An F-22 weapons loader from Tyndall AFB participated in the exercise and said he values the concept.

“I’ve received training and knowledge on other AFSC’s to help create a new type of Airman,” said Senior Airman Harold Gross III, a member of the 325th Aircraft Maintenance Squadron. “This new Airman is capable of employing not only their specific task, but those outside of their career field. This allows an Airmen to be more than just a maintainer or a security forces member, or even a civil engineer. He or she can be all three and more.

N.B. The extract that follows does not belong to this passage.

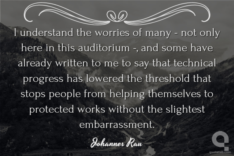 I understand the worries of many - not only here in this auditorium -, and some have already written to me to say that technical progress has lowered the threshold that stops people from helping themselves to protected works without the slightest embarrassment.
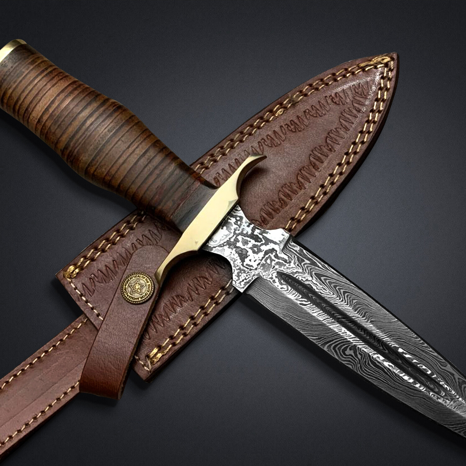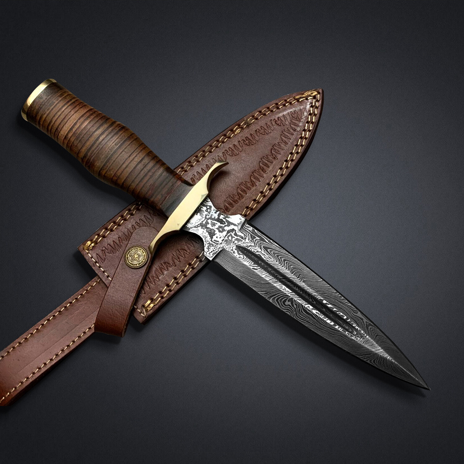 — Handle Material: Stack Leather with Brass Guard

My role during this exercise with CSW has been one of learning and adaptability.”

Growing Airmen who can wear multiple hats provides redundancy and strengthens the team, Gross added.

“If I’m not capable of loading an aircraft for a mission, then the CE Airman next to me can,” he said.

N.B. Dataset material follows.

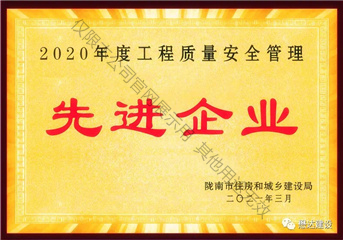 2020年度工程質(zhì)量安全管理先進企業(yè)

Personnel from two dozen Air Force specialties learned from each other, plus a little bit about themselves, Rundquist said.

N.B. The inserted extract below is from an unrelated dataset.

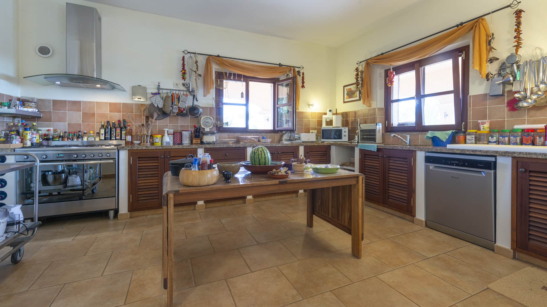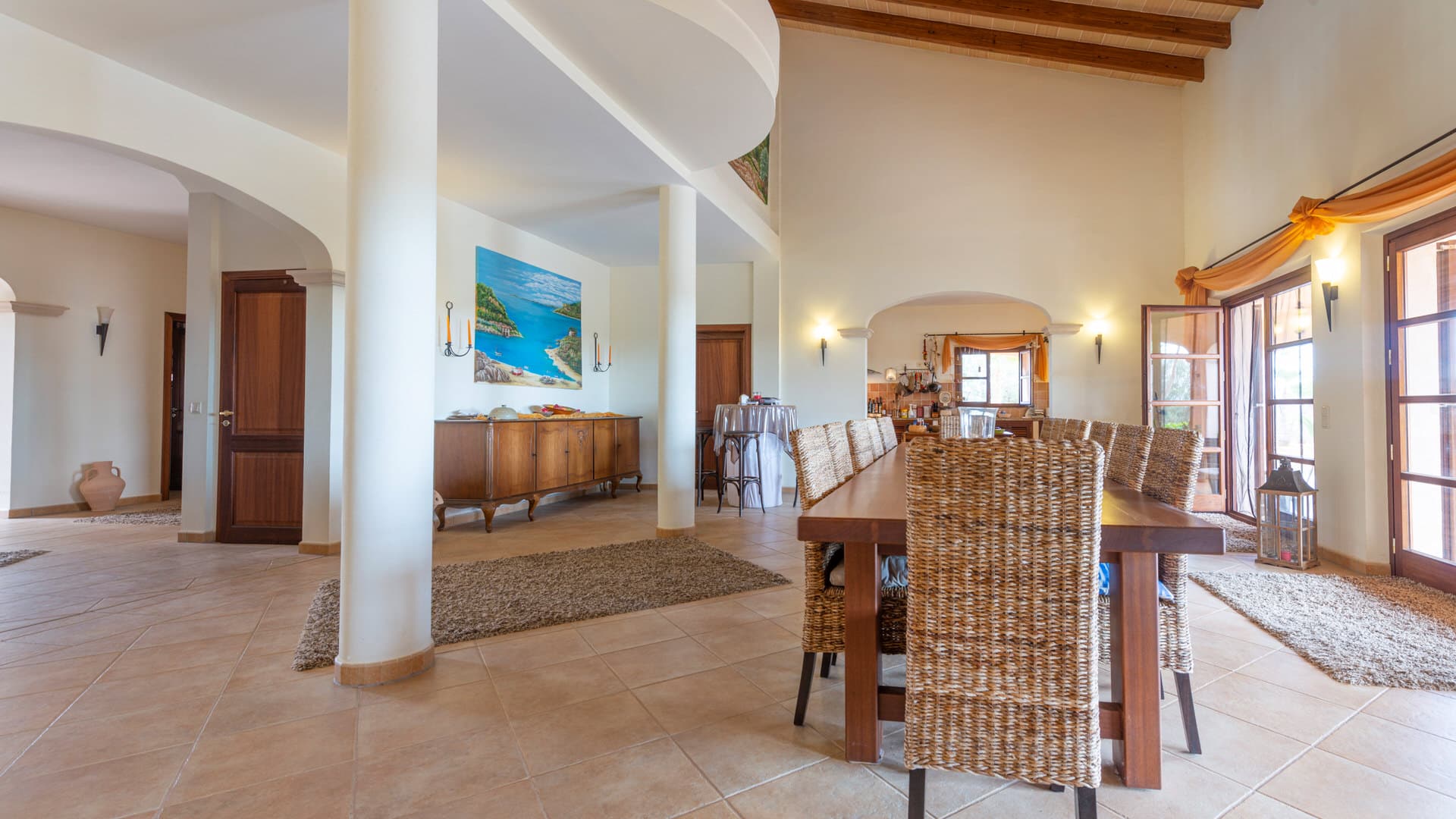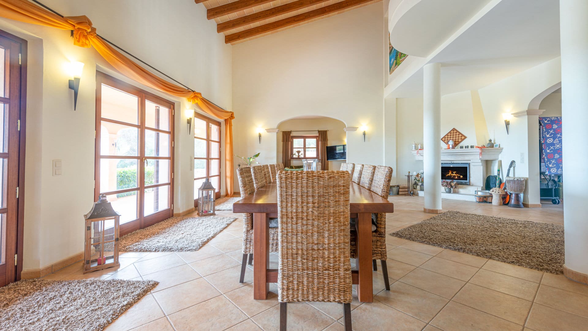 Auf ca. 561 m² Wohnfläche, verteilt auf zwei Ebenen, erwartet Sie ein Zuhause mit mediterranem Flair und großzügiger Raumaufteilung. Der einladende Empfangsbereich führt Sie in den imposanten Essbereich mit Kamin und hohen Decken mit rustikalen Holzbalken. Hier können Sie gesellige Abende mit Familie und Freunden verbringen und die mallorquinische Lebensart genießen. Die offene und voll ausgestattete Küche lässt keine Wünsche offen.

“Our Air Force has some of the greatest technology ever fielded,” he said. “When linked to its greatest weapon system, a well-trained and motivated Airman, we can really start to tackle some of the challenges that lie ahead. Most importantly, it will be amazing to see how tactical solutions developed by our young Airmen will help shape strategic decisions and capabilities for years to come.”

The Air Force is scheduled to test the CSW a third time at a capstone exercise in November again with Tyndall AFB as the hub, and Duke Field, Florida, will be added to the scenario along with Moody AFB and Avon Park Air Force Range as the spoke locations.